Re: warning message in standby

Tom Lane <tgl@sss.pgh.pa.us>

From: Tom Lane <tgl@sss.pgh.pa.us>
To: Robert Haas <robertmhaas@gmail.com>
Cc: Bruce Momjian <bruce@momjian.us>, Magnus Hagander <magnus@hagander.net>, Heikki Linnakangas <heikki.linnakangas@enterprisedb.com>, Simon Riggs <simon@2ndquadrant.com>, Fujii Masao <masao.fujii@gmail.com>, PostgreSQL-development <pgsql-hackers@postgresql.org>
Date: 2010-06-14T14:57:08Z
Lists: pgsql-hackers
Robert Haas <robertmhaas@gmail.com> writes:
> On Mon, Jun 14, 2010 at 10:38 AM, Tom Lane <tgl@sss.pgh.pa.us> wrote:
>> That's a different question altogether ;-).
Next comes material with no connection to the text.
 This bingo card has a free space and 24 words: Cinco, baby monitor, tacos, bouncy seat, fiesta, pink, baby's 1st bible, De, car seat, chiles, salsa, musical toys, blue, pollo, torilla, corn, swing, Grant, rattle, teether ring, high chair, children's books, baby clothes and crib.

I assume you're not
>> satisfied by the change Heikki committed a couple hours ago?
>> It will at least try to do something to recover.
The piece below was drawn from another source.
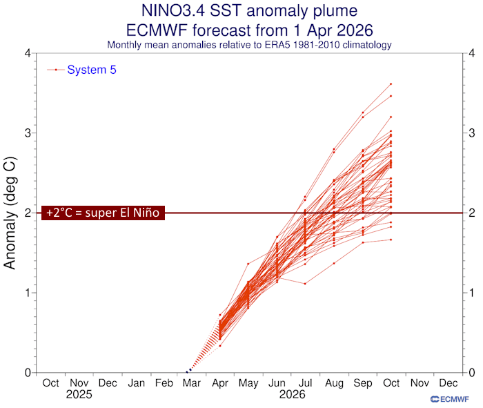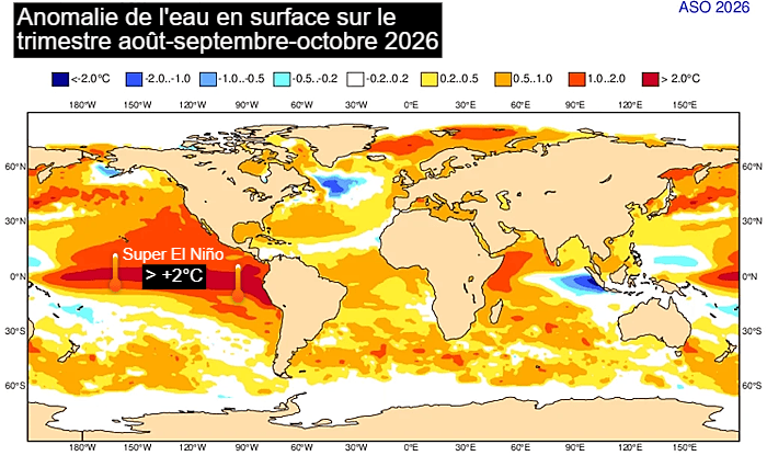 La plupart des modèles convergent désormais vers le scénario d'un "super El Niño". Le graphique ci-dessous montre que l'événement débutera dans les prochaines semaines et pourrait devenir majeur dès cet été 2026 avec un franchissement du seuil symbolique de +2°C d'anomalie pour les eaux de l'est du Pacifique équatorial. Certains scénarios vont même jusqu'à +3°C, ce qui pourrait faire de cet épisode d'El Niño l'un des plus forts jamais observés !

> Yeah, I'm not satisfied by that.  It's an improvement in the technical
> sense - it replaces an infinite retry that spins at top speed with a
> slower retry that won't flog your CPU quite so badly, but the chances
> that it will actually succeed in correcting the underlying problem
> seem infinitesimal.

I'm not sure about that.  walreceiver will refetch from the start of the
current WAL page, so there's at least some chance of getting a good copy
when we didn't have one before.

However, I do agree that it's not helpful to loop forever.  If we can
easily make it retry once and then PANIC, I'd be for that --- otherwise
I tend to agree that the best thing is just to PANIC immediately.  There
are many many situations where a slave resync will be necessary; a
transmission error on the WAL data is just one more.